The only way around that is to claim thoughts-feelings are derivative and 'epiphenomenal', i.e. they do not exist at the ontic level. And that leaves us with Kantian divide since thoughts cannot penetrate into ontic Reality, as well as the nihilistic consequences of that divide.
This is not a Kantian divide. The thoughts cannot penetrate into the ontic Reality, but the direct mystical experience can penetrate into certain fundamental aspects of it, and that is the difference from the Kantian position where the "thing-in-itself" cannot be apprehended or experienced in any way, leaving it entirely inaccessible to us.
It also leaves us with thought-forms which are fundamentally different from other forms of experience, which undermines metaphysical idealism-monism.
I don't know why you arrived at such conclusion. Thought forms are essentially no different from other forms (perceptions, feelings, imaginations etc), the deference between those kinds of forms is mostly in their qualitative characters and the degree of their volitionality.
You keep wanting to attach loaded philosophical labels to everything which become very misleading. Let's keep it simple - mumorphism preserves continuity and primacy of all forms of experience, while your view does not. By positing "non-fundamental aspects", you have already veered into dualism. The OP cannot have "non-fundamental aspects" which are "emergent", that is simply a contradiction in terms. If there are in fact emergent aspects of experience, then they must be separate from the OP.
They are emergent but not separate. I refer you back to the Chalmers paper. You are arguing with Chalmers, not with me.
We have an experiential fact that there is a temporal change in the OP and some aspects of the OP are constantly changing, appearing and disappearing, but some other aspects are not changing, appearing or disappearing and their existence is unconditional. Terming the former aspects them "emergent" is simply stating that they "emerge" and "disappear" over time, and their emergence is conditional and interdependent upon the existence of other similar emerging aspects (other forms), so it is basically simply a statement of experimental fact. For the latter ones "fundamental" is simply another term meaning that such aspects/qualities are not changing in time and their continuous presence is not conditional or dependent upon the existence of other aspects, which is also a statement of experiential fact of their "non-emergence". I don't see how it introduces any dualism. Dualism is where entities or properties of different ontological nature are introduced into philosophy, such as matter and consciousness (Cartesian dualism).

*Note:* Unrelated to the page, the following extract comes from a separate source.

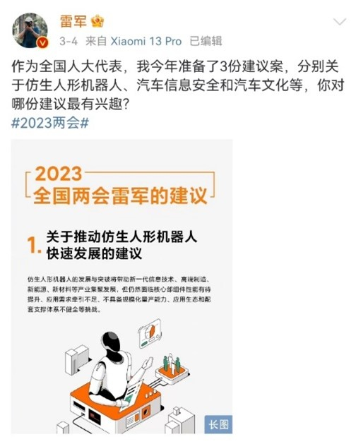 社交平台发布建议后,“雷军两会建议推动仿生机器人发展”话题冲上热搜,不少网友点赞。

Mumorphism also preserves meaning at the ontic level, since thought-forms pervade Reality, while your view does not. There can be authentic relationship with the OP through our normal modes of willing-thinking-feeling under mumorphism, while there cannot be under your view. Nihilism is precisely the apparent inability to find authentic relationship with the primal Ground in our everyday lives. It is that apparent inability which leads feelings of isolation and alienation.
There is no such nihilismin in my view because in my view there is precisely an ability to find intimate, authentic and direct relationship with the primal Ground in our everyday lives through the the direct experience of the fundamental aspects of the Ground in the non-dual state of cosnciousness. The direct experiential knowing of fundamental non-emergent aspects of the Ground as our true nature is the cornerstone of the Eastern mystical traditions, as well as of many modern non-dual teachings (Rupert Spira et al).
On the other hand, there is a problem with your approach, because there is no certainty and no criteria of truth in the realm of willing-thinking-feeling. The world of thinking, feelings and ideas is fluid and infinite. You may arrive at one set of meanings, truth criteria and values, and someone else may arrive at entirely different ones. To you Christianity may feel true, and for someone else Judaism may do. Mathematicians used to think that there is only one "true" Euclid's geometry, but it turned out that there is an unlimited number of different geometries with none of them any truer than others. There are no "true" ideas, because to separate "true" ideas from "false" ideas we need the criteria of truth, but the criteria themselves are ideas and there is unlimited way such truth criteria can be formulated, so how do we find which criteria of truth are true? We need another set of meta-criteria of truth to select the criteria of truth, and for those to be selected, we need meta-meta-criteria of truth, and that is a bad infinity. With the absence of experiential references there are no truth criteria for finding true meanings and common grounds in the realm of thinking and meanings.